▶ _Source data_
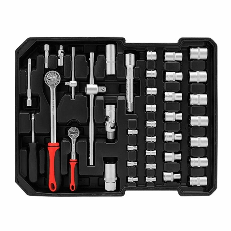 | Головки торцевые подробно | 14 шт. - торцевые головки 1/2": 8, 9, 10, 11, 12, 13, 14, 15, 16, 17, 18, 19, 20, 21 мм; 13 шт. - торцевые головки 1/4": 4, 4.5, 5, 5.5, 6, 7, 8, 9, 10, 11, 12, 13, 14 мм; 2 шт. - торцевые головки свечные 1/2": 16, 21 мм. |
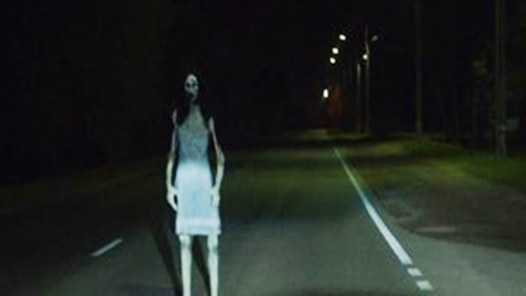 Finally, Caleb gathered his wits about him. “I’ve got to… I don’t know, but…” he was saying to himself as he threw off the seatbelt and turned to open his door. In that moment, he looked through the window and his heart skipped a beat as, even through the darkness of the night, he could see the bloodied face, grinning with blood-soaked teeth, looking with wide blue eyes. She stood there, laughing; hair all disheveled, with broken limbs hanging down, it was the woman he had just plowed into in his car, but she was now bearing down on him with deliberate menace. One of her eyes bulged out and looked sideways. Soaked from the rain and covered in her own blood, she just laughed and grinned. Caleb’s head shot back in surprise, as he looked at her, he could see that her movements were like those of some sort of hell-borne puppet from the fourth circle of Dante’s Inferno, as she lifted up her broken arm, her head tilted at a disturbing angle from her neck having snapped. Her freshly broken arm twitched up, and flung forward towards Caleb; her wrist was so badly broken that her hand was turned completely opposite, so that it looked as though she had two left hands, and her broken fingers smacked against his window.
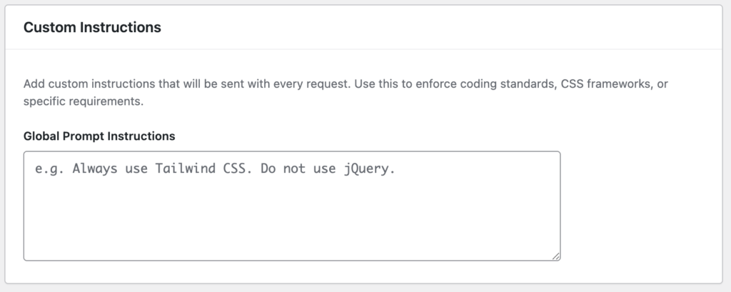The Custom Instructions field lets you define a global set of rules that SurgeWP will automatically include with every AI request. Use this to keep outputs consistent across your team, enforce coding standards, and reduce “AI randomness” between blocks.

▶ _Task brief_
From the first line to the last, copy the listing above exactly and leave out the images.

▶ _Output of the exercise_
 | Головки торцевые подробно | 14 шт. - торцевые головки 1/2": 8, 9, 10, 11, 12, 13, 14, 15, 16, 17, 18, 19, 20, 21 мм; 13 шт. - торцевые головки 1/4": 4, 4.5, 5, 5.5, 6, 7, 8, 9, 10, 11, 12, 13, 14 мм; 2 шт. - торцевые головки свечные 1/2": 16, 21 мм. |
 Finally, Caleb gathered his wits about him. “I’ve got to… I don’t know, but…” he was saying to himself as he threw off the seatbelt and turned to open his door. In that moment, he looked through the window and his heart skipped a beat as, even through the darkness of the night, he could see the bloodied face, grinning with blood-soaked teeth, looking with wide blue eyes. She stood there, laughing; hair all disheveled, with broken limbs hanging down, it was the woman he had just plowed into in his car, but she was now bearing down on him with deliberate menace. One of her eyes bulged out and looked sideways. Soaked from the rain and covered in her own blood, she just laughed and grinned. Caleb’s head shot back in surprise, as he looked at her, he could see that her movements were like those of some sort of hell-borne puppet from the fourth circle of Dante’s Inferno, as she lifted up her broken arm, her head tilted at a disturbing angle from her neck having snapped. Her freshly broken arm twitched up, and flung forward towards Caleb; her wrist was so badly broken that her hand was turned completely opposite, so that it looked as though she had two left hands, and her broken fingers smacked against his window.
The Custom Instructions field lets you define a global set of rules that SurgeWP will automatically include with every AI request. Use this to keep outputs consistent across your team, enforce coding standards, and reduce “AI randomness” between blocks.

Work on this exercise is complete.